Nezouh: a dreamy picture of life under siege

This gentle film by Soudade Kaadan suggests that accounts of life during wartime in Syria can be about matters other than death – namely hope, love, teenage reverie, and the comedy of family life.

11 October 2022

By Jonathan Romney

Hala Zein as Zeina in Nezouh (2022)
Sight and Sound

“What?” a character exclaims in a self-referential moment in Nezouh. “A film in Syria where no-one dies?” Death and jeopardy may be ever-present on the horizon, and outside the walls of heroine Zeina’s battle-ravaged Damascus apartment. But the bet taken by Soudade Kaadan’s film is that an account of life under siege in Syria can be about matters other than death – hope, love, teenage reverie, the comedy of everyday family life.

Nezouh sets out to be a gentler, dreamier, more upbeat film about the experience of life during conflict and the prospect of displacement: ‘nezouh’, an opening title explains, means ‘displacement of soul, water and people’, but the word and the prospect are anathema to Zeina’s father Motaz, who won’t countenance his family leaving town. Kaadan’s second feature, following 2018’s The Day I Lost My Shadow, Nezouh offers a very different image of the Syrian conflict from, say, Philippe Van Leeuw’s claustrophobic siege drama Insyriated (2017) or the urgent reportage shot by Waad al-Kateab in 2019 documentary For Sama, depicting brutal everyday conditions in Aleppo. Told from the perspective of a teenage girl with ordinary teenage dreams, and touched with elements of fantasy and magical realism, Nezouh is essentially a Young Adult version of life under fire, and a certain preciousness is baked into the package.

A foremost element is routine family conflict, depicted either comically or as emotionally tense melodrama. Both Zeina and her mother Hala want to leave town, as most of their neighbours have. Zeina’s older sisters are already gone, one of them in Europe while the other is uncontactable, and possibly in danger, somewhere beyond the city – which it may be possible to leave through a rumoured tunnel. Motaz, however, insists that the family stay put: even when their home has holes blown in its walls and roof, he attempts to maintain a safe nest through desultory measures like hanging up sheets, his attitude summed up by his insistence, “I’m a mechanic – I’ll fix it!” A bullish hulk of an actor, Samir al-Masri gives a lively, affecting performance, playing Motaz to sometimes downright clownish effect as an ambivalent figure. On one hand, Motaz is a determined, responsible man determined to support his family, heading on dangerous sorties into the city to bring back supplies; on the other, he’s a blustering, heavy-handed patriarch, and a fool who insists on keeping up appearances while the world literally crumbles: when a family of neighbours wave to them across the ruins, Motaz’s first thought is to shout to Hala to cover her hair.
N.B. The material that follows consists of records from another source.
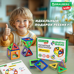 Магнитный конструктор MAGNETIC BLOCKS, 20 магнитных деталей, BRAUBERG KIDS, код 1С, 665718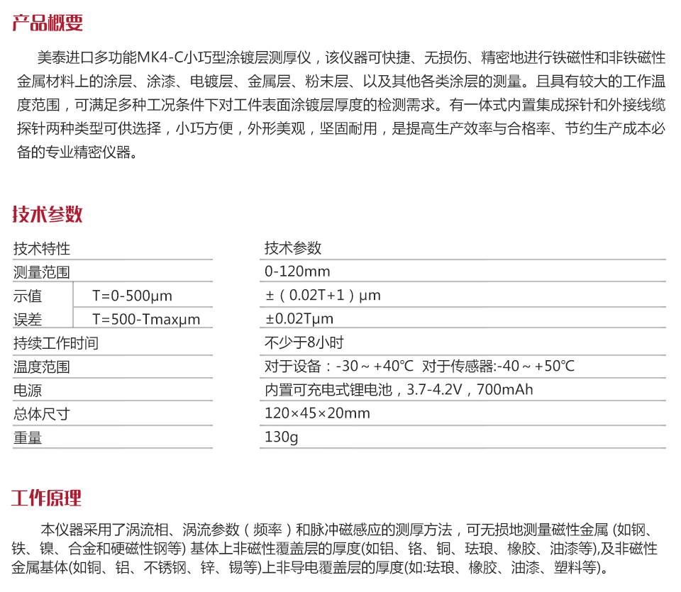 產(chǎn)品概述美泰進口多功能MK4-C小巧型涂鍍層測厚儀,該儀器可快捷、無損傷、精密地進行鐵磁性和非鐵磁性金屬材料上的涂層、涂漆、電鍍層、金屬層、粉末層、以及其他各類涂層的測量。且具有較大的工作溫度范圍,可滿足多種工況條件下對工件表面涂鍍層厚度的檢測需求。有一體式內(nèi)置集成探針和外接線纜探針兩種類型可供選擇,小巧方便,外形美觀,堅固耐用,是提高生產(chǎn)效率與合格率、節(jié)約生產(chǎn)成本必備的專業(yè)精密儀器。
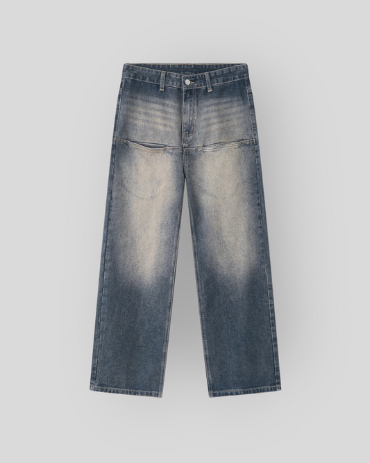 UrbanFade Pleated Denim Baggy StreetWorn Gradient Wide Leg Women's Jeans
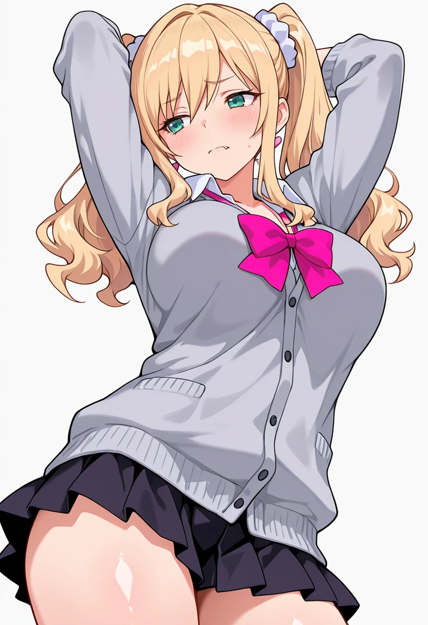 long sleeves,pink bowtie,grey cardigan,miniskirt, white shirt,sleeves past wrists, heart earrings,FAQ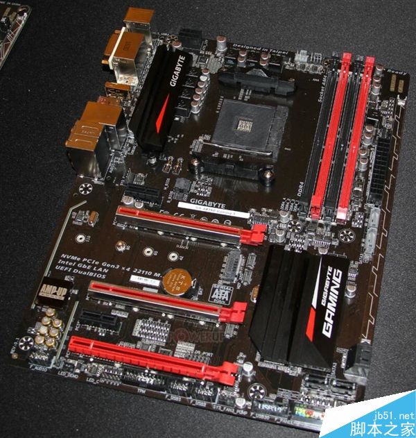 接下來是AX370 Gmaing K5,隸屬于Aorus電競序列,7相供電和鐵氧體電感,還有RGB LED裝飾燈。三條PCI-E 3.0 x16(x16/NA/x4或者x8/x8/x4)、三條PCI-E 3.0 x1,八個SATA 6Gbps,兩個SATA Express 16Gbps,一個32Gbps M.2,四個USB 3.1,六個USB 3.0,八聲道AMPUp!,Intel千兆網卡。

Hala and Zeina, meanwhile, are allies, individually sharing the same dreams of escape – an aspect brought home when both find a moment of freedom dancing to the same pop song but in separate rooms. They later become allies in a courageous journey into the outside world, as finally – after a long section restricted to the flat and its rooftop – the action opens up, with mother and daughter fleeing through a ghostly devastated city (one of the film’s Turkish locations).

Nezouh is also the story of emergent teenage love, in the burgeoning tenderness between Zeina and neighbour boy Amer, a budding war correspondent who proves a tech-savvy helper to the family. The coming-of-age element comes to the fore in an overtly erotic moment: close-up of the teenagers’ lips as they eat juicy red berries.

Undeniably a beautifully crafted film, this UK/Syrian/France/Qatari co-production is an example of eminently commercial, somewhat soft-edged international art cinema. Kaadan’s co-editor is Nelly Quettier (a collaborator with Leos Carax, Claire Denis and Ursula Meier), while one of two credited DoPs is Hélène Louvart, who has recently worked with directors including Eliza Hittmann, Léonor Serraille, Karim Ainouz and Alice Rohrwacher. The visual austerity you might expect of the setting is offset by intense luminescence, with sheaves of blazing daylight and plentiful lens flare, while wide angles open up the enclosure of the flat. Kaadan also favours sometimes jarring dream images: Zeina skimming stones in the sky as if on water: a moment when she falls through her roof in a slow-motion rapture, drifting through an imaginary night sky studded with constellations. The gently lyrical score by Rob Lane and Rob Manning, using jangling North African string instruments, is a little over-insistent on signalling moments of sublimity. An alert, exuberant, sometimes mischievous performance from young lead Hala Zein anchors the film nicely when it threatens to veer off into the over-rhetorical ether.

Nezouh is part of the Official Competition at the 2022 London Film Festival; it is screening on 11 and 13 October.